Regulatory Position 2.3.5 of RG 1.177 states that the risk resulting from TS CT changes is often relatively insensitive to uncertainties, because uncertainties associated with CT changes tend to similarly affect the base case and the change case. Section 4.3.3, Attachment 15, and Attachment 16 of the LAR presented the uncertainty and sensitivity analyses associated with the risk evaluation for this proposed change.

Model uncertainties and related assumptions for the PVNGS PRAs were identified using guidance in NUREG-1855 (Reference 15) and EPRI TR-1016737 (Reference 16). In 5 of the LAR the licensee demonstrated that no additional sensitivity analyses were required to address these model uncertainties and related assumptions. To address potential uncertainties associated with the risk estimates for the proposed change, the licensee discussed numerous conservatisms of the PRA models, including:

  • Firewater cross-connect to auxiliary feedwater was not credited in the Unit 3 IEPRA and IFPRA. This modification was only credited in the Unit 3 FPRA.
  • Temporary equipment such as the three portable DGs and FLEX SG makeup pump were not credited in the PRAs. The DGs were only credited in the sensitivity analyses in 6 of the LAR.
  • Simplified relay fragility analyses were performed that resulted in higher failure probabilities than if detailed fragility analyses had been performed. This over-estimates the failure probability of an emergency diesel generator during seismic events.
  • Hot shorts were conservatively assumed to occur with enough electrical contact to impose full voltage on the "target conductor."
  • The main control room ventilation system was assumed unavailable or isolated during a fire event. This assumption was conservative since the use of the smoke purge system would remove heat and smoke from the room, improving habitability.
  • It was assumed that containment isolation fails during all fire scenarios that necessitate main control room abandonment.

In response to NRC technical concerns, the licensee provided in Attachment 16 of the LAR the following sensitivity analyses associated with the proposed change:

  • The licensee performed a sensitivity analysis of the proposed change that credited the portable DGs using the zero test and maintenance model. The portable DGs were conservatively credited in the FPRA and not credited in the IEPRA, IFPRA, and SPRA. Failure data used for the portable DGs was dominated by human error probability (0.322) to start the DGs. The only fire scenarios credited for portable DGs were those that allowed sufficient time to restore power to the Class 1E bus in order to recover safety functions and mitigate the event.
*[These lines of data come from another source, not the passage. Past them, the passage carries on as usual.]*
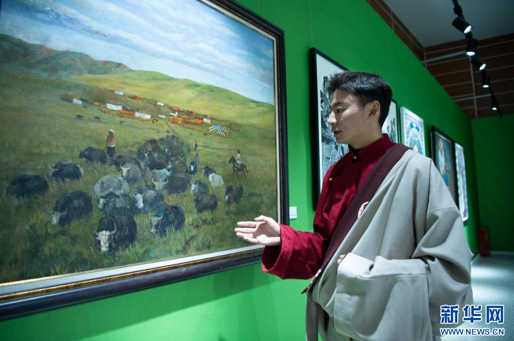 4月28日,第五屆民族團(tuán)結(jié)書法、美術(shù)、攝影、微視頻大賽作品展現(xiàn)場(chǎng)。新華網(wǎng) 旦增努布 攝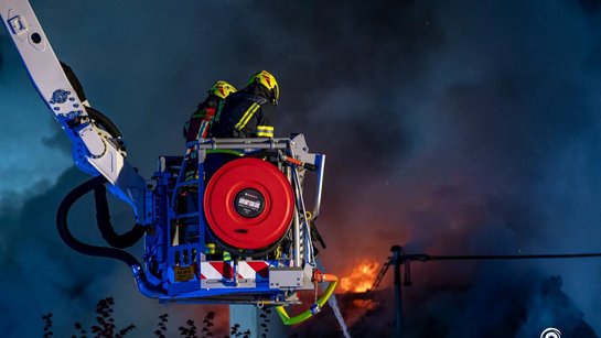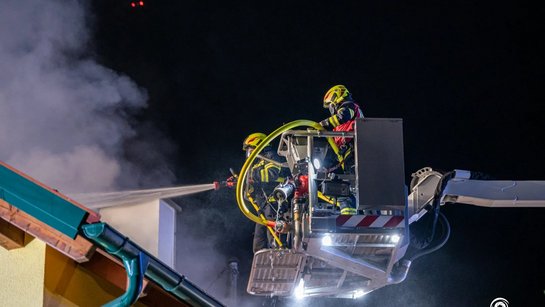 Mehrere Atemschutztrupps führten einen Innenangriff durch und im Außenbereich wurde ein umfassender Löschangriff durchgeführt. Mit zwei Hubrettungsfahrzeugen konnte der Dachstuhlbrand unter Kontrolle gebracht werden.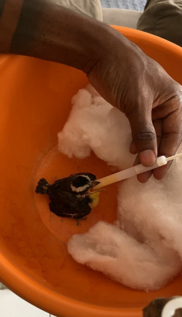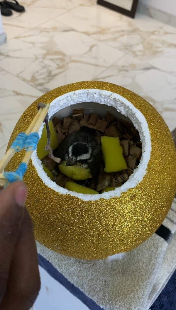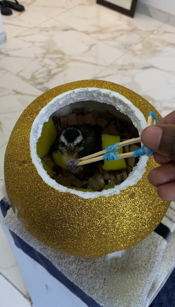 Бразилец соорудил для пернатого тёплое и безопасное гнездо, а также создал "маму" для кормления малыша. С помощью спичек, клея, губки, картона и зубной нити он изготовил маленькое устройство, имитирующее клюв птицы. И птенец сразу же поднял голову, открыл клюв и начал общаться с "мамой". Этот момент тронул сердца всех, кто увидел видео.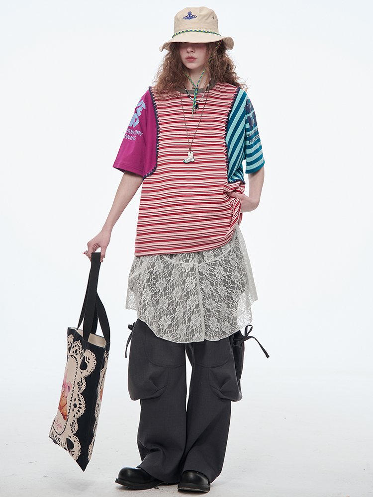面料有弹力,舒适透气;大身由多种面料拼接,色彩丰富;版型宽松舒适,袖笼结构处做三角针设计,袖片部分做字母印花 风格:休闲-百搭 颜色:条纹红色

The licensee stated that:

- Operators have been trained on the procedures for loss of offsite power that specify use of alternate power sources, including the portable DGs. - Training, briefings, and walkdowns have been provided to the operators responsible for operating the portable DGs.

- Designated operators were made familiar with instructions for starting and operating the portable DGs.

  • It should be noted that use of the FLEX SG makeup pump was not credited in this sensitivity analysis. The sensitivity analysis indicated that ICCDP and ICLERP met the RG 1.177 risk acceptance guidelines by a factor of 3.7 and 8.3, respectively.
  • The licensee performed a sensitivity analysis of the proposed change that credited the portable DGs using the average test and maintenance model. The portable DGs were modeled in the same manner as the first sensitivity analysis and use of the FLEX SG makeup pump was not credited. This sens itivity analysis indicated that ICCDP and ICLERP met the RG 1.177 risk acceptance guidelines by a factor of 1.5 and 5, respectively.
  • The licensee performed a sensitivity analysis of the proposed change that credited the portable DGs using the zero test and maintenance model, and the common cause failure rate for 3A EDG was set to the alpha factor value (this represents common mode failure of the 3B EDG). The portable DGs were modeled the same as described in the first sensitivity analysis, and use of the FLEX SG makeup pump was not credited. The sensitivity analysis indicated that ICCDP and ICLERP met the RG 1.177 risk acceptance guidelines by a factor of 3.4 and 7.7, respectively.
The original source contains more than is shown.